**WHAT YOU SHOULD DO:**
Everything from the line containing "Add a Sign Language" through the last line of the listing below should be returned exactly, except for pictures.

**DATA PROVIDED:**
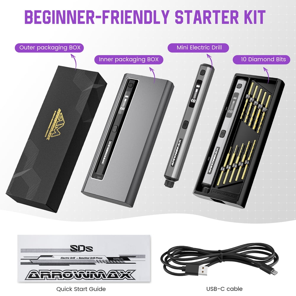 AM ARROWMAX Mini Electric Drill Rotary Tool Rechargeable Cordless Drill for Crafts Wood Plastic Aluminium Coin Home DIY SDS
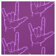 Add a Sign Language touch to your sewing project with this great Fabric featuring several Purple ASL I Love You Hands. Skirts, Shirts, Pillows, Quilts, and more. From our Sign Language Fabric Collection.
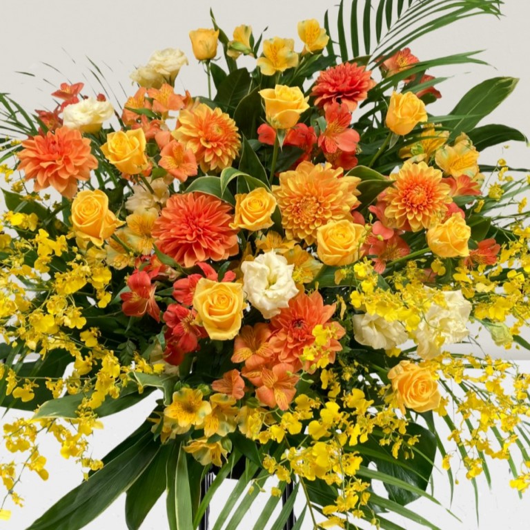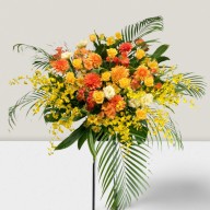 新たな門出となる開店を華やかにお祝いする、スタンド型のアレンジメント。
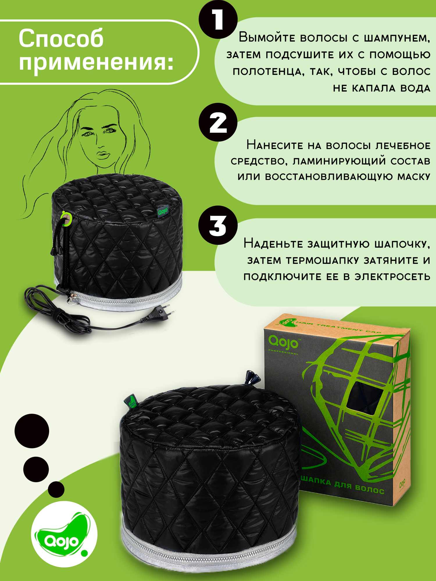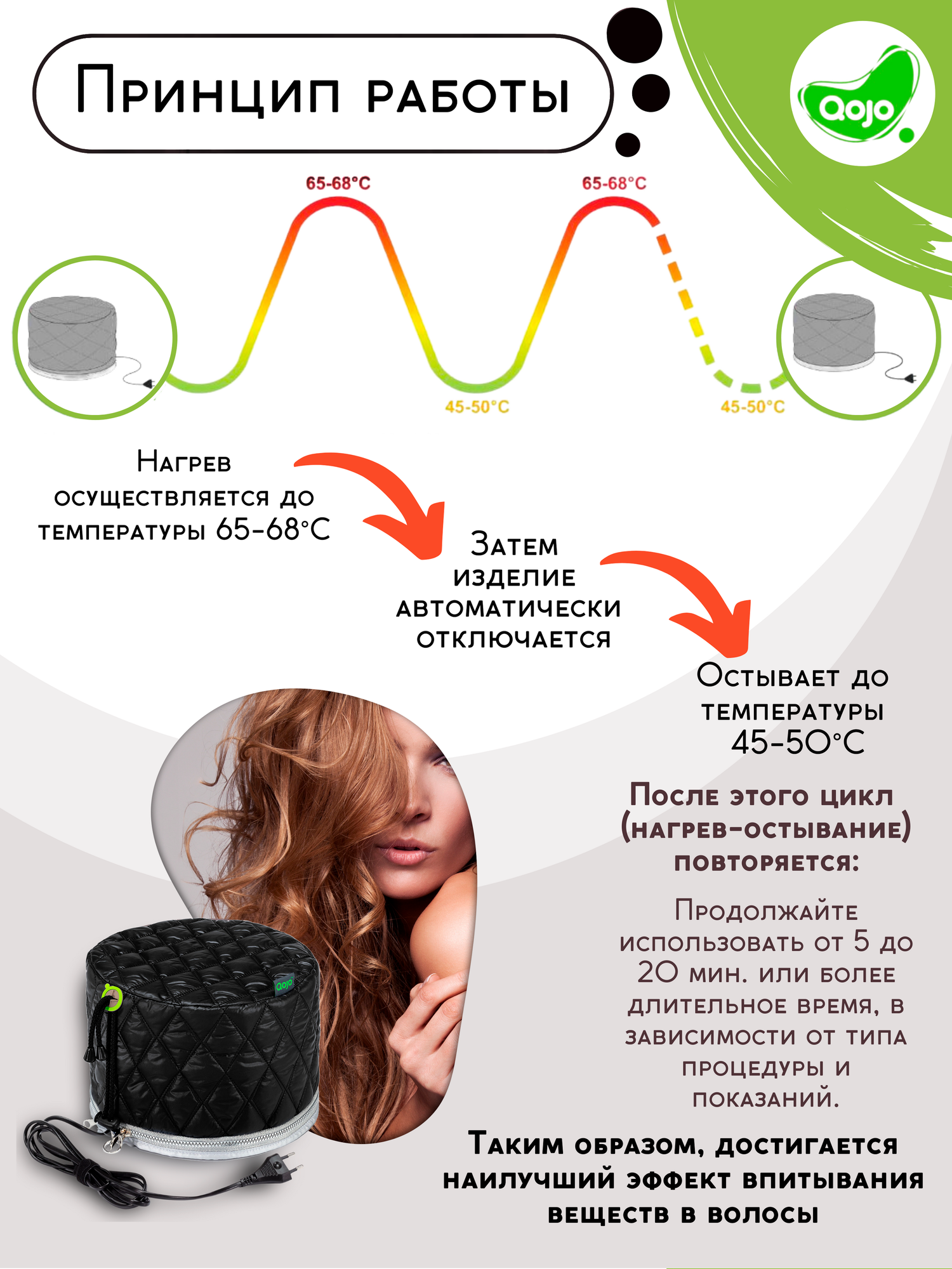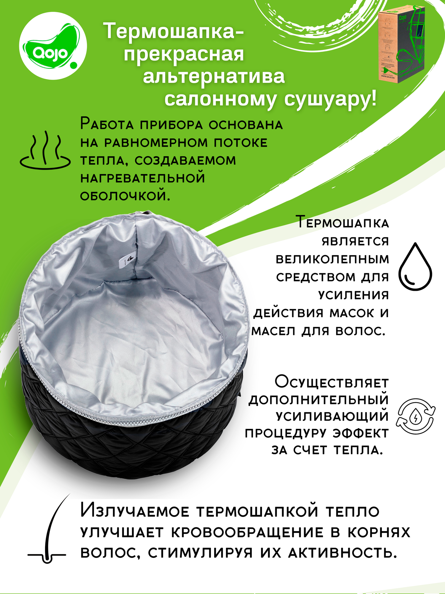 Термошапка для волос электрическая Qojo Sirius (Black) 25x16 см интересное:

**OUTPUT OF THE TASK:**
 Add a Sign Language touch to your sewing project with this great Fabric featuring several Purple ASL I Love You Hands. Skirts, Shirts, Pillows, Quilts, and more. From our Sign Language Fabric Collection.
 新たな門出となる開店を華やかにお祝いする、スタンド型のアレンジメント。
 Термошапка для волос электрическая Qojo Sirius (Black) 25x16 см интересное:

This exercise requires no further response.